Records for the task
★ ★ ★

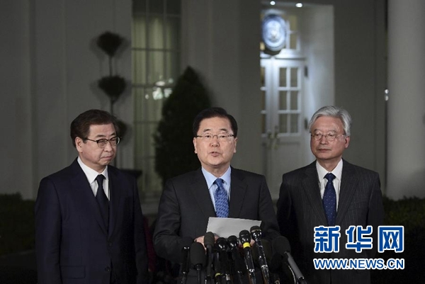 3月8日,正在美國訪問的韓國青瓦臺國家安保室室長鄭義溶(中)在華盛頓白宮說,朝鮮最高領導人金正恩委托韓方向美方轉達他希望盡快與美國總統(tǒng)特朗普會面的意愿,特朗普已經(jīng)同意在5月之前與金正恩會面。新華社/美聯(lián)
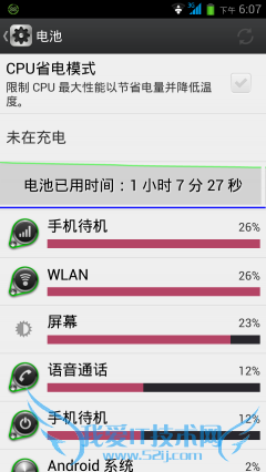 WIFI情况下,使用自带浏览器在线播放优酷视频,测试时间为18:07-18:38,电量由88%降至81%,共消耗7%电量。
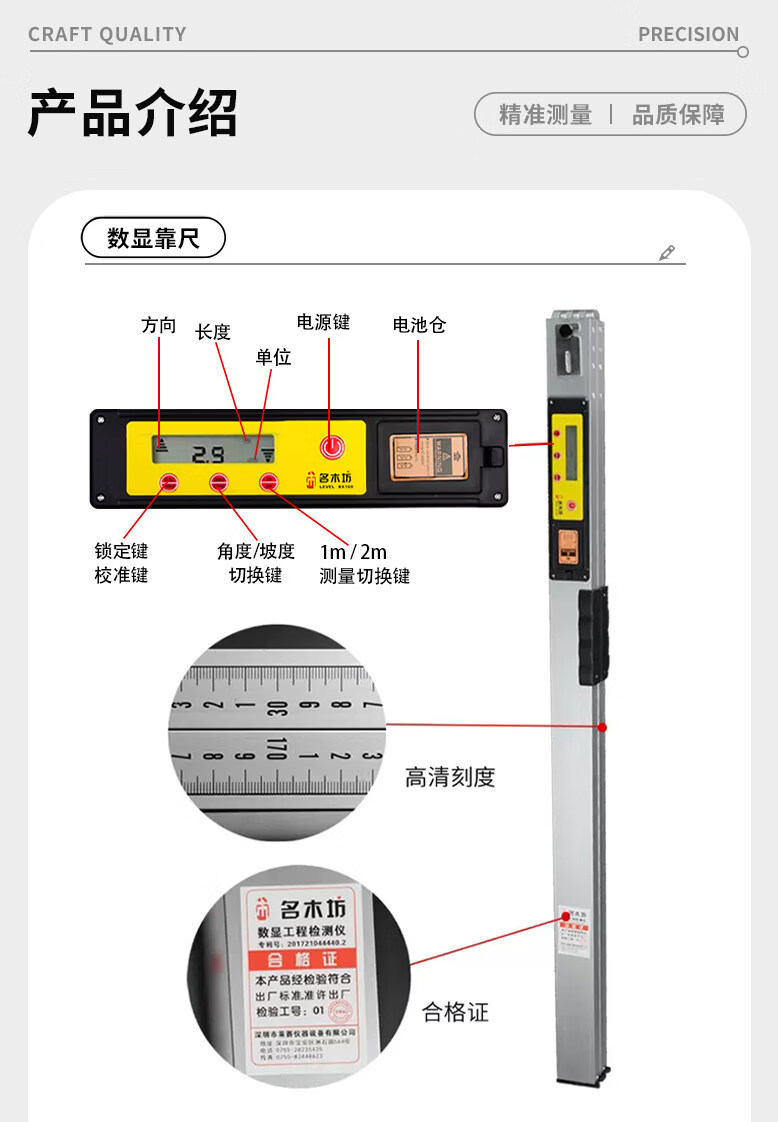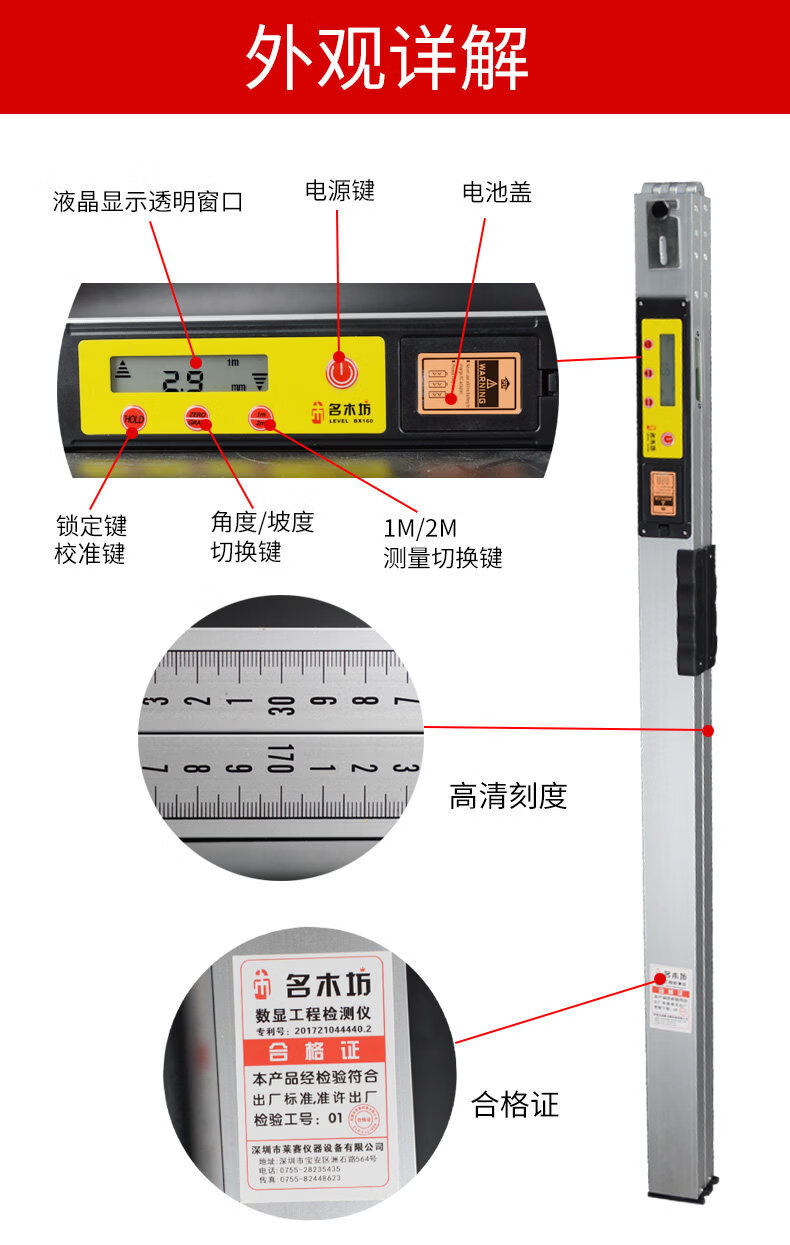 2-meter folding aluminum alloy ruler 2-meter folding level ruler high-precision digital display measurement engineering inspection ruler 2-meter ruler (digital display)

★ ★ ★

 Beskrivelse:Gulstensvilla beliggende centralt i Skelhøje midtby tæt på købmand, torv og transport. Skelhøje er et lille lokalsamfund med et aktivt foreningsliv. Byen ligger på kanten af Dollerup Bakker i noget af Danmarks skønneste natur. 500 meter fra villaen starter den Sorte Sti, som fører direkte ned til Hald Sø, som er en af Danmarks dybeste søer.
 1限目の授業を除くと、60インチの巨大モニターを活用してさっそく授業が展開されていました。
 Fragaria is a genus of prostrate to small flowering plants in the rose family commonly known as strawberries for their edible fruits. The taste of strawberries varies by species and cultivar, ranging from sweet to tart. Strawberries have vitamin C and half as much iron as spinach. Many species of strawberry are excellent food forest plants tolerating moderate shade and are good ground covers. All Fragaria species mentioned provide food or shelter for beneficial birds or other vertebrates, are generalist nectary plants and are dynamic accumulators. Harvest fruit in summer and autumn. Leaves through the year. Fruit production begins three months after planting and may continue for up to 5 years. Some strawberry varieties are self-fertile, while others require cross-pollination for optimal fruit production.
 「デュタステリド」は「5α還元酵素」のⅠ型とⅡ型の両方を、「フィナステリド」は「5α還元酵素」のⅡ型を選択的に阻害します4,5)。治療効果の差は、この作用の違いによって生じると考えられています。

★ ★ ★

Exercise brief
Would you copy the lines above exactly, starting with the one that has "WIFI情况下,使用自带浏览" and ending with the one that has "2-meter folding aluminum", both included, without the pictures?

Problem solution
 WIFI情况下,使用自带浏览器在线播放优酷视频,测试时间为18:07-18:38,电量由88%降至81%,共消耗7%电量。
 2-meter folding aluminum alloy ruler 2-meter folding level ruler high-precision digital display measurement engineering inspection ruler 2-meter ruler (digital display)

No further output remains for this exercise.